UNIT 4: TRANSITION AND INNER TRANSITION ELEMENTS

• d-Block Elements (Transition Metals)

  • General Configuration: $(n-1)d^{1-10} ns^{1-2}$.
  • Properties: Metallic behavior, high melting points, variable oxidation states, catalytic properties, and formation of colored complexes.
  • Magnetic Moment: $\mu = \sqrt{n(n+2)}\,BM$ (where n = number of unpaired electrons).

• Potassium Permanganate ($KMnO_4$)

  • Prepared from Pyrolusite ($MnO_2$).
  • Oxidizing Power in different media:
    • Acidic: $MnO_4^- + 8H^+ + 5e^- \rightarrow Mn^{2+} + 4H_2O$ ($Eq. Wt = 31.6$).
    • Neutral: $MnO_4^- + 2H_2O + 3e^- \rightarrow MnO_2 + 4OH^-$ ($Eq. Wt = 52.67$).

• ## f-Block Elements (Inner Transition Metals)

  • Lanthanoid Contraction: The steady decrease in the size of $Ln^{3+}$ ions with increasing atomic number due to poor shielding of 4f electrons.
  • Actinoids: All are radioactive.

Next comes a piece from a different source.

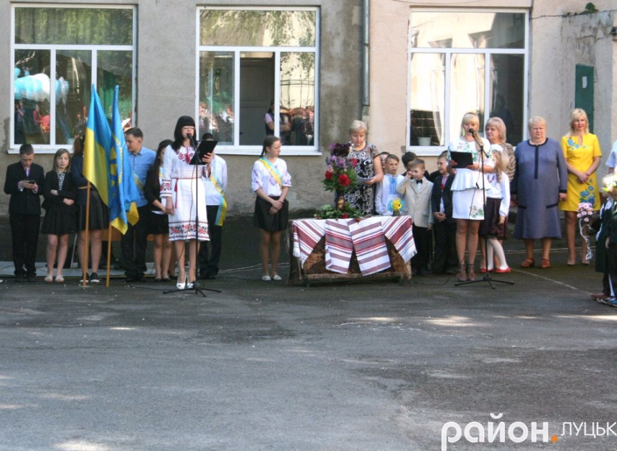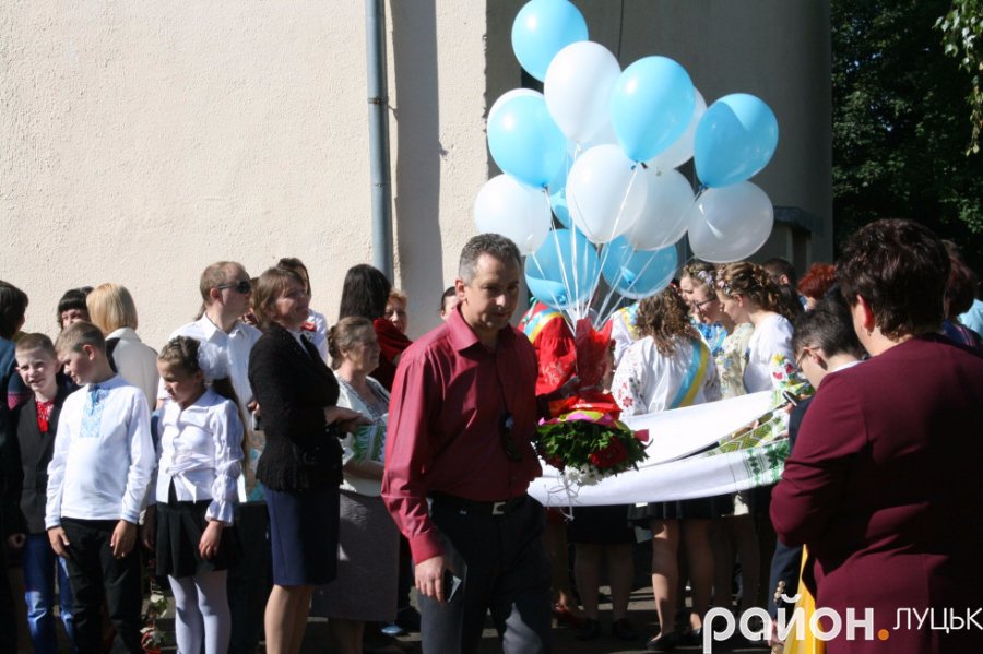 На урочисту лінійку прибув начальник відділу екології Луцькради Анатолій Гламазда, методист управління освіти Луцькради Тетяна Трасковська та директор Луцького підприємства електротранспорту Ігор Грицюк.
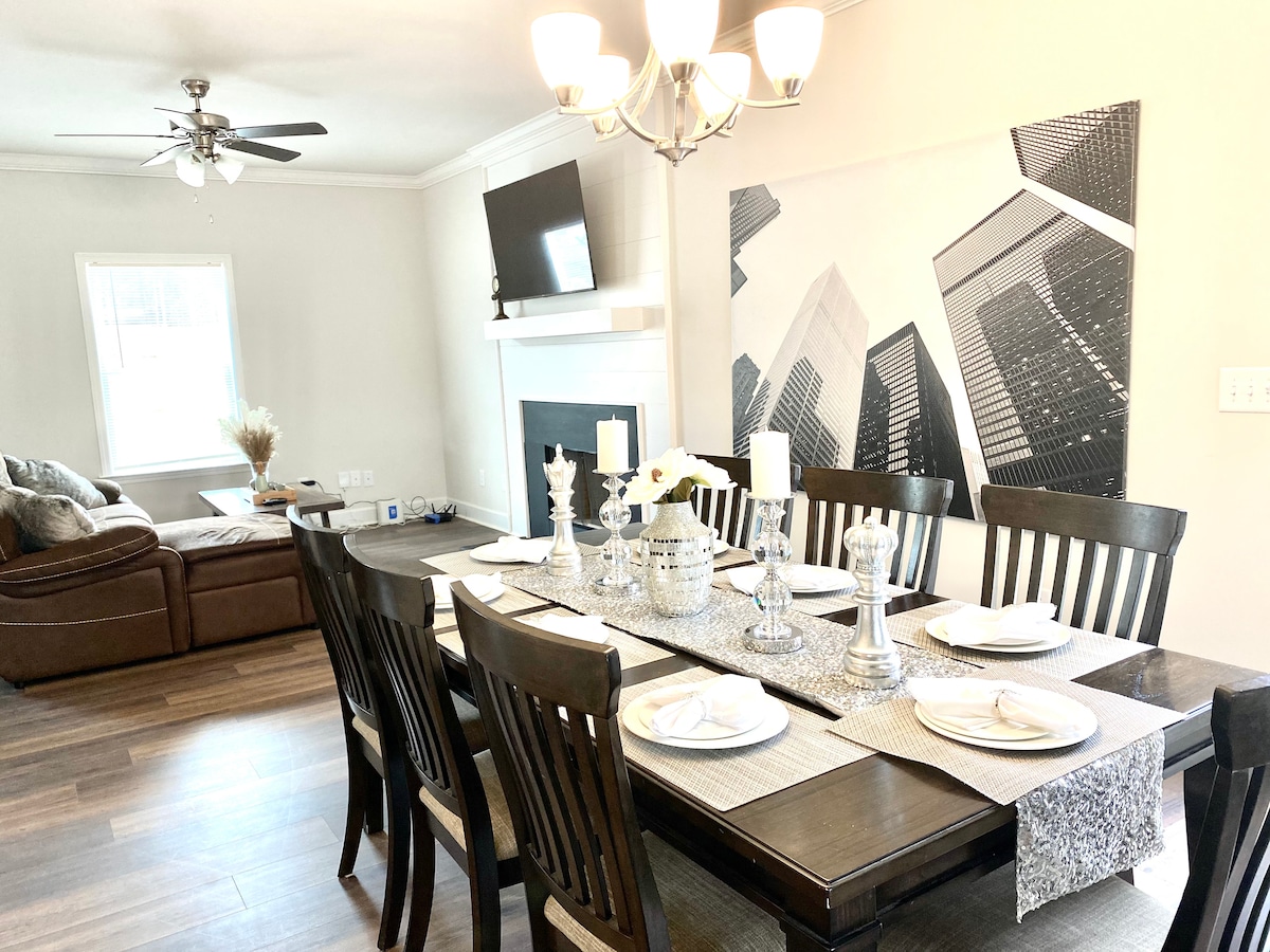 Yonwabela izinto ezihonjiswe kakuhle kule ndawo isembindini, umgama wokuhamba ngeenyawo ukuya kwiivenkile , iiklabhu zegalufa, kunye nesidiliya esidumileyo kunye neresort: I-Chateau Elan ikumgama wemizuzu eyi-3 kuphela xa uqhuba, iMichelin raceway yimizuzu eyi-10 kuphela,iivenkile zaseGeorgia yimizuzu eyi-15 kuphela xa uqhuba . Uya konwabela izinto ezinokusetyenziswa ezifana ne-Netflix, i-Disney kunye, i-Amazon prime kuyo yonke i-tv (i-4 iyonke ) yendlu. Sinobuhlobo nesilwanyana sasekhaya (imali eyongezelelekileyo) , ikhitshi elipheleleyo elinomatshini wokomisa umoya, umatshini wokwenza ikofu , umatshini wokwenza i-waffle, i-toaster , i-crockpot

Stability of +3 oxidation state is common, but show higher states (+4, +5, +6, +7) compared to lanthanoids.

UNIT 5: COORDINATION CHEMISTRY

• Warner's Theory

  • Primary Valence: Ionizable, corresponds to oxidation state.
  • Secondary Valence: Non-ionizable, corresponds to coordination number; directional in nature.

• Valence Bond Theory (VBT)

  • Explains bonding via hybridization (e.g., $d^2sp^3$ or $sp^3d^2$ for Octahedral).
  • High Spin (Outer orbital) vs Low Spin (Inner orbital) complexes.

• Crystal Field Theory (CFT)

  • Treats ligands as point charges causing d-orbital splitting ($t_{2g}$ and $e_g$ in octahedral fields).
  • Crystal Field Splitting Energy ($\Delta_o$): Determines if the complex is high or low spin.
  • Colors: Result from d-d transitions.

• ## Metal Carbonyls

  • Synergic Bonding: Involves $\sigma-donation$ from $CO$ to metal and $\pi-back\,bonding$ from metal to $CO$.